Background: Weight loss (WL) negatively affects bone mineral density (BMD) in older populations and has specifically been shown in women.
Objective: In this prospective controlled trial, we examined variables of bone quality and endocrine changes after intentional WL in men.
Design: Thirty-eight overweight and obese [mean ± SD body mass index (in kg/m2): 31.9 ± 4.4; age: 58 ± 6 y] men were recruited to either WL through caloric restriction or weight maintenance (WM) for 6 mo.
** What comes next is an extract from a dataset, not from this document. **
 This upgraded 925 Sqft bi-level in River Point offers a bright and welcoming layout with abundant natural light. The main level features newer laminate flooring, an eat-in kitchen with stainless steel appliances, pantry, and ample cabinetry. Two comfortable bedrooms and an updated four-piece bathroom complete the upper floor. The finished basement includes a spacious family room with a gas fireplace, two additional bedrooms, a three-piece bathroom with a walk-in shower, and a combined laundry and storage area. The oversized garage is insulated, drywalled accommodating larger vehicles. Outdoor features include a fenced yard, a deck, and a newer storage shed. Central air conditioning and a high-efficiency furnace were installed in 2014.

Results: There was a −7.9 ± 4.4% and +0.2 ± 1.6% change in body weight in WL and WM groups, respectively. There was a greater increase in femoral neck and total body BMD and bone mineral content (BMC) in the WM group than WL group (P-interaction effect < 0.05). In contrast, there was a trend for the tibia cortical thickness and area to decrease more in the WM group than WL group (P ≤ 0.08). There was a decrease in the periosteal circumference in both groups over time (P < 0.01) and no statistically significant changes in trabecular bone. The circulating total, free and bioavailable estradiol decreased in the WL group compared with WM group, and changes were different between groups (P < 0.05). Serum total and bioavailable testosterone increased in both groups (P < 0.01). Serum 25-hydroxyvitamin D increased to a similar extent in both groups (P < 0.05).
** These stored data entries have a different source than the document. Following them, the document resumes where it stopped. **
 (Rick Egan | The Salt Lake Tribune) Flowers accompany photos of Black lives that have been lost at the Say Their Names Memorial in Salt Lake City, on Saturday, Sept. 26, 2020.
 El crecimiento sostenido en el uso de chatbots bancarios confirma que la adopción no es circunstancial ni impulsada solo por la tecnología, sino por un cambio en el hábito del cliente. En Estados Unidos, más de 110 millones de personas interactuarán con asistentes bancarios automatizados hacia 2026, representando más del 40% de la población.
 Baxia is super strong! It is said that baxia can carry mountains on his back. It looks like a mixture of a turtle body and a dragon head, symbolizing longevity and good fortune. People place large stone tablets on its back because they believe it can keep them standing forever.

Conclusions: Moderate WL in overweight and obese men did not decrease BMD at any anatomical site or alter cortical and trabecular bone and geometry. Also, despite increased BMD at some sites when maintaining excess body weight, cortical bone showed a trend in the opposite direction.
Alex’s Notes: Wolff’s law states that bone will adapt to the load placed upon it. Outside of exercise, the most common load we carry is our bodies. It follows then, that weight loss can also promote bone and muscle loss with older age. Indeed, postmenopausal women undergoing voluntary dieting experience a significantly greater loss of bone mineral content (BMC) and density (BMD) than there weight-stable peers. In men, a one-year weight loss intervention resulting in a 6.4% reduction of body weight also resulted in a 1.5% total body BMD loss. At the same time, however, there is evidence that obesity is associated with compromised bone quality.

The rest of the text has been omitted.